Modern Islamic Thought: Arabic Texts
This course (a companion course to Modern Islamic Thought ) examines a representative selection of influential Arabic texts by modern Islamic thinkers, from
Islamists (radical and moderate) to their opponents, modernist, liberal and sufi. It provides an opportunity to engage in detail with original sources while helping to develop Arabic language research skills.
Islam and Politics
This course explores the theoretical debate concerning the interface between Islam and politics, discussing issues such as the Islamic state, democracy and human rights, nationalism, trans-nationalism and globalism.
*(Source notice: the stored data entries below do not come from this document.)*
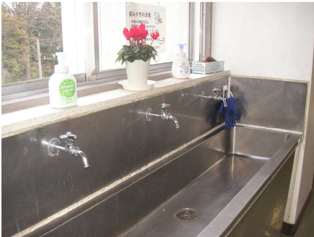
3年生前の流し — きれいに掃除され、季節の花が飾られています。(12月6日 朝)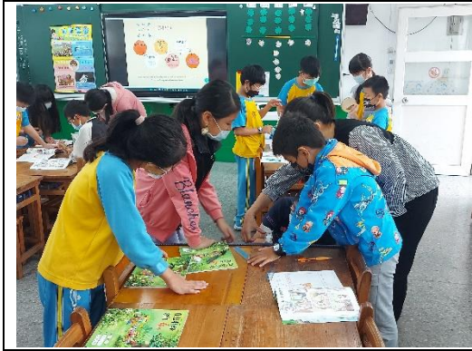
闖關第五關 彈撥直尺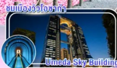
Umeda Sky Building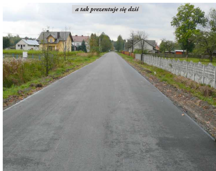
a tak prezentuje się dziś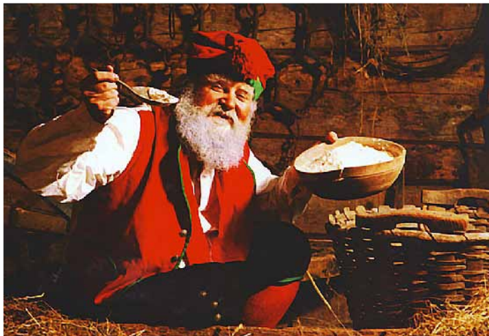
www.real-santa.no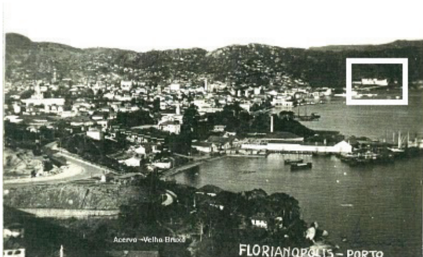
Figura 1 - Vista do centro da torre da ponte Hercílio Luz (1945). Destaque em realce branco para o Hospital de Caridade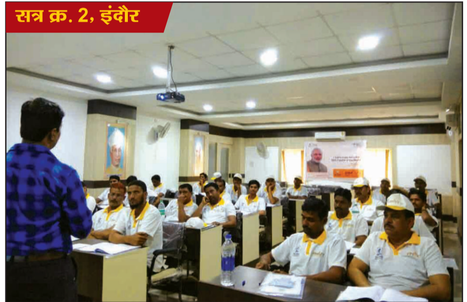
सत्र क्र. 2, इंदौर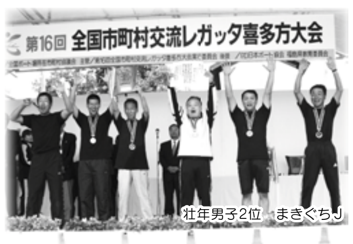
壮年男子2位 まきぐちJ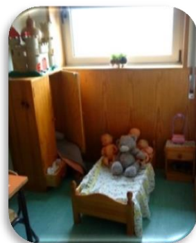
Figura 6- Área da casa, espaço do quarto.

A área da casa distribuía-se por dois espaços, o quarto (figura 6) e a cozinha (figura 7). O mobiliário e materiais desta área estavam apropriados à altura das crianças. Nesta, era visível a frequente representação, por parte das crianças, assumindo o papel de adultos, imitando expressões gestuais e orais. Através das bonecas as crianças representavam vivências do seu dia-a-dia, como vestir e despir as crianças, deitá-las a dormir, maquilhá-las faziam e desfaziam a cama, arrumavam e desarrumavam toda a área, representando de variadas formas o “faz-de-conta”.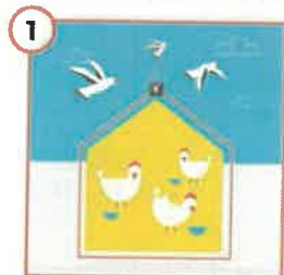
1 Zabezpiecz drób i paszę przed kontaktem z dzikimi ptakami!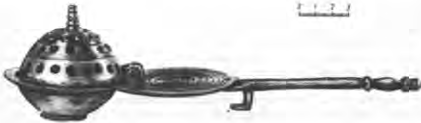
Рис. 8. Кадило-кацея. Вид в профіль. Ермітаж.

При розкопках (1985 і 1986 рр.) підвальних приміщень того ж будинку було знайдено два вотивних хрести: один з петлями на горизонтальній перемичці для підвісок, накладними медальйонами на перехресті (в оточенні рослинного орнаменту) і на нижньому кінці хреста (оправа одного з медальйонів збереглась), другий — з фігурними трилопатовими кінцями і гравірованими крапами по краю 29 . Такі пам'ятки відносяться до широко розповсюдженого у середньовізантійській період типу 30 чотирикінцевого хреста «із слізками» на кінцях, накладними медальйонами, підвісками на ланцюжках біля гори-

Theoretical issues and debates are illustrated through examples drawn from the Muslim experience on the ground in governments, Islamic movements and international Islamic organisations, for example.
Islam beyond the Muslim World: Europe and the USA
This course examines Muslim communities outside of majority Muslim countries, focusing on Britain, Western Europe and the USA and considering religious, political, legal and sociological dimensions and contemporary debates.